SQL Server is not just a platform for storing and working with data or databases. It is a suite of services that includes features such as:
- Reporting Services (SSRS) – report creation and storage, including a report server.
- Analysis Services (SSAS) – OLAP cubes.
- Master Data Services (MDS) – management of important data, such as various code lists.
- Data Quality Services (DQS) – includes tools for checking and correcting inconsistent data before storing it.
- Integration Services (SSIS) – a tool that allows the creation of data pumps for transferring data between systems/platforms using SQL Server Data Tools. These data pumps can be saved as packages and deployed on SQL Server, where they can be run automatically (e.g., via SQL Server Agent).
This article focuses on the last mentioned service, SSIS, and addresses the issue of how to set up an automated process that will download data from Excel to a SQL Server data warehouse every day.
What Is Connection Manager in Integration Services (SSIS)?
To move data from point A (e.g., a database on a server or an Excel file) to point B (the target SQL database), you first need to create a connection. This allows us to transfer data.
The connection manager area, which contains a list of defined connections to various sources or target destinations, is shown in the image below. Since this is a new project and SSIS package, no connections have been defined yet.
After right-clicking in the connection manager area, you need to select the type of data source to connect to.
The first five items in the menu include the most commonly used connection types, and selecting “New Connection” will display all possible connection types.
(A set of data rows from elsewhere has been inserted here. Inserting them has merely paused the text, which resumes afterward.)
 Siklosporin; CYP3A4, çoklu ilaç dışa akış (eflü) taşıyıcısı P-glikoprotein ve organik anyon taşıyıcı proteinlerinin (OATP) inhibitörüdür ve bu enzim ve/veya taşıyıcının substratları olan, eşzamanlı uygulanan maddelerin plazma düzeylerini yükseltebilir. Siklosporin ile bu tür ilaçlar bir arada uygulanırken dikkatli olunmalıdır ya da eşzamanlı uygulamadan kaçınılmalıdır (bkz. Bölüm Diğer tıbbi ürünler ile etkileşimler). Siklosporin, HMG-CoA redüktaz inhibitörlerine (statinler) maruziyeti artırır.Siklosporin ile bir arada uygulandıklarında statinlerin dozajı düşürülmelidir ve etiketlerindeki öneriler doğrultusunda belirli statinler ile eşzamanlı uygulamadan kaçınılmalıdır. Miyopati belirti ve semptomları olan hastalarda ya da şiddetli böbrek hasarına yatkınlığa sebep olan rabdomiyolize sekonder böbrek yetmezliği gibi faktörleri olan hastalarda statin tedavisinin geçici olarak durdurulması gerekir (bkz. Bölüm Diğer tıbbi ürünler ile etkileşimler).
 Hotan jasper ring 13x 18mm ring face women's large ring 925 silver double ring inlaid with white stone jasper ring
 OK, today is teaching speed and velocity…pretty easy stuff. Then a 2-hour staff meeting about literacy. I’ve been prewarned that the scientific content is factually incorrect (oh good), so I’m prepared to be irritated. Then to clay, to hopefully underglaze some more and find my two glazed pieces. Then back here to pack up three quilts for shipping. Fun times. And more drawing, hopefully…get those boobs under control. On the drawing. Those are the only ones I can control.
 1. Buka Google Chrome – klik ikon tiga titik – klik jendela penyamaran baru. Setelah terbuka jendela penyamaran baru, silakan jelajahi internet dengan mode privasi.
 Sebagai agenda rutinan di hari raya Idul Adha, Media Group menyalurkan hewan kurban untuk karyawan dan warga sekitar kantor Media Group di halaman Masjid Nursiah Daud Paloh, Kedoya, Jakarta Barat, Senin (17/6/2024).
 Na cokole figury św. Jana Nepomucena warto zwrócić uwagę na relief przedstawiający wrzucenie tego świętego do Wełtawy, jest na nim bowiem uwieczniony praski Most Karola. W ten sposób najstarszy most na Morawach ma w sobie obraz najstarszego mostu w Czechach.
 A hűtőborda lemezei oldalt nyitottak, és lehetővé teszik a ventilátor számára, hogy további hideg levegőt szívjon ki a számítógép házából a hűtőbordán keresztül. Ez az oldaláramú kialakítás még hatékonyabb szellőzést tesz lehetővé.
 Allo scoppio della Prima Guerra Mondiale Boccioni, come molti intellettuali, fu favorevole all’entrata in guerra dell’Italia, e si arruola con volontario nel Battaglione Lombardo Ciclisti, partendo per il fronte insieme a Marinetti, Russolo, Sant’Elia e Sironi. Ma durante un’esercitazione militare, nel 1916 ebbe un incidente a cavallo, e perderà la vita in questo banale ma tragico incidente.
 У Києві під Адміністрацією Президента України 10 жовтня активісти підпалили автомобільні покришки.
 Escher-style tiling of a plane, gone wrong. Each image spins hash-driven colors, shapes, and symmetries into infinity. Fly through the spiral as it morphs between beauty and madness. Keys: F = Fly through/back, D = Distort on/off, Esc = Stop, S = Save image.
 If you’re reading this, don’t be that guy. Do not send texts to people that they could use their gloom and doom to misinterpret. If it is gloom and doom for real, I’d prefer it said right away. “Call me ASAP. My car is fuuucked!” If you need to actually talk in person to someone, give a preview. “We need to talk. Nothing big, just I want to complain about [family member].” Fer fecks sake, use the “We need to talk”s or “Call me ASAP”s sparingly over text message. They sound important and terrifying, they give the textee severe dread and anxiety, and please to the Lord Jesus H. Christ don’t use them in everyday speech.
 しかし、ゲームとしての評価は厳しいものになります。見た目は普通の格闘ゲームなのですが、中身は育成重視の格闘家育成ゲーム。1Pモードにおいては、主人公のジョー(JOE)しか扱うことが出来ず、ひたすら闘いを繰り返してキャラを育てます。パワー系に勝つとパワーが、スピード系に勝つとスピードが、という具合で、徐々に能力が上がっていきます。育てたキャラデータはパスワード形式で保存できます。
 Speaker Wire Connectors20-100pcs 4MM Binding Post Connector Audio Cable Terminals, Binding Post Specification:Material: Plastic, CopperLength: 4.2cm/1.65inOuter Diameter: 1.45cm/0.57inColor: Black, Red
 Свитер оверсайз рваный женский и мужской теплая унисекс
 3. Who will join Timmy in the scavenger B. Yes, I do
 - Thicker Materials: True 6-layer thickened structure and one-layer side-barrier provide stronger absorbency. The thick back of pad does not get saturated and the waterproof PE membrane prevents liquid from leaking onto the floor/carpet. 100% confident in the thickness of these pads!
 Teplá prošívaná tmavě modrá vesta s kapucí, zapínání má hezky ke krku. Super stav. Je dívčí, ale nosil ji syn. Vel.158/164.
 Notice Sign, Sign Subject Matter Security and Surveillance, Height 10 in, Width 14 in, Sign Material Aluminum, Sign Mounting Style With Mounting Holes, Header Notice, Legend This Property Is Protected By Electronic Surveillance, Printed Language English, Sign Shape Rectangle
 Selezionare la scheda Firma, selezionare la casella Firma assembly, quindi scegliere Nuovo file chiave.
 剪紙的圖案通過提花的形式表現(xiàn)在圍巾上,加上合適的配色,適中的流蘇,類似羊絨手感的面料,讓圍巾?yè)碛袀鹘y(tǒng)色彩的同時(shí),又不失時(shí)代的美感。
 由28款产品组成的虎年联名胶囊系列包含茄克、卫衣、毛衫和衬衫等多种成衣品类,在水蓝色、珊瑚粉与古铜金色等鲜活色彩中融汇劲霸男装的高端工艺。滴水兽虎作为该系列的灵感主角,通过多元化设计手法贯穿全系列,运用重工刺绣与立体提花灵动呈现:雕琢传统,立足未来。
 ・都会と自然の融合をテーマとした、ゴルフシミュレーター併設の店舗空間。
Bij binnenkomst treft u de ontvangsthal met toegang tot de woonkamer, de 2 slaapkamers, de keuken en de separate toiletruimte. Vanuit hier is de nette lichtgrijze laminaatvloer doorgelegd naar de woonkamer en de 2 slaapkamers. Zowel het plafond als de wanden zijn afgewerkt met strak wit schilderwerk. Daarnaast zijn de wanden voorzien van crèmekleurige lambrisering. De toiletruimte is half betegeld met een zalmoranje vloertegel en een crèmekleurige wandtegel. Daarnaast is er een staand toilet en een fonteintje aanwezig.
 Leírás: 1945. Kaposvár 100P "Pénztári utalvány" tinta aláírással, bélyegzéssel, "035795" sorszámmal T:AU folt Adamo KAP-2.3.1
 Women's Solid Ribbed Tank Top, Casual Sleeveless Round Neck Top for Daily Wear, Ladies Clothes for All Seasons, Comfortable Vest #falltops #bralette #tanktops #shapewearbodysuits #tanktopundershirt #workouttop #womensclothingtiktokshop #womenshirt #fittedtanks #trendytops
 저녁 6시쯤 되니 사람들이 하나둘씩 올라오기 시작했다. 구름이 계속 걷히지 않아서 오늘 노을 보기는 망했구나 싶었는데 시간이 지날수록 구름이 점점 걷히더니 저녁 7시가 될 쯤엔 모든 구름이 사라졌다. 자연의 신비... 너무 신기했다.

Typically, you will want to connect to a SQL Server database (or another platform) most frequently using OLE DB Connection, or to a text file containing data separated by a delimiter using File connection. Other options include connecting to Excel using Excel connection manager and other connection types (FTP, ODBC, SMTP, HTTP, WMI connection managers).
Example – Creating a Connection Manager for an Excel File and Regularly Downloading Data to a SQL Server Database
Let’s assume you have an Excel file located at C:\Source_Data\Source_data.xls. This file contains some data that you want to download into a SQL table every day because the source Excel file is updated multiple times a day. Before downloading data, you will always clear the target table using a SQL TRUNCATE TABLE statement. The Excel file looks like this.
First, create a table on SQL Server, for example:
CREATE TABLE Temp.dbo.Priklad (
Datum DATE NULL,
Hodnota INT NULL
2.a) From the menu above the connection managers area, select “New Connection” and then “EXCEL.”
2.b) Next, set the path to the source Excel file, and a new connection type will appear in the list.
The connection to the source file is now ready, and in a similar way, you will set up a connection to the target SQL Server database, “Temp.” This is done in the same manner, but this time you will select “OLE DB connection” as the connection type and configure the server and database.
Now it’s time to design the data flow. SSIS is highly modular and consists of individual steps. Since we want to clear the target table before loading data from Excel, the first step will be an “Execute SQL Task.” From the SSIS toolbox, select the corresponding task and drag it into the control flow area.
After dragging, you will see a red “X,” indicating that something is not configured correctly. This is because the task does not yet have a connection to the connection manager. You can configure it by editing the task and specifying the Connection Manager and the SQL statement to execute on the database, which in our case is
TRUNCATE TABLE Temp.dbo.Example
Click on the data flow task and configure it as shown below. From the SSIS toolbox, select “Excel Source” and “OLE DB Destination” as the source and destination, respectively. Configure the components to use the connection managers and connect them with arrows. You’re done.
When you execute the entire package, you should see the following:
…if you check the target table, you should find the data from the Excel file:
The data pump can be executed multiple times, as it always clears the data at the beginning. To run this prepared SSIS package automatically, you have two options:
- Save the package and the .dtsx file somewhere on the server.
- Deploy the entire package to the server’s catalog using the “deploy” command.
Then, create a job in SQL Server Agent and set the “Step Type” to “SQL Server Integration Services package” with the path to the .dtsx file. In the last step of the job, specify the frequency and time for execution, and you no longer need to worry about it.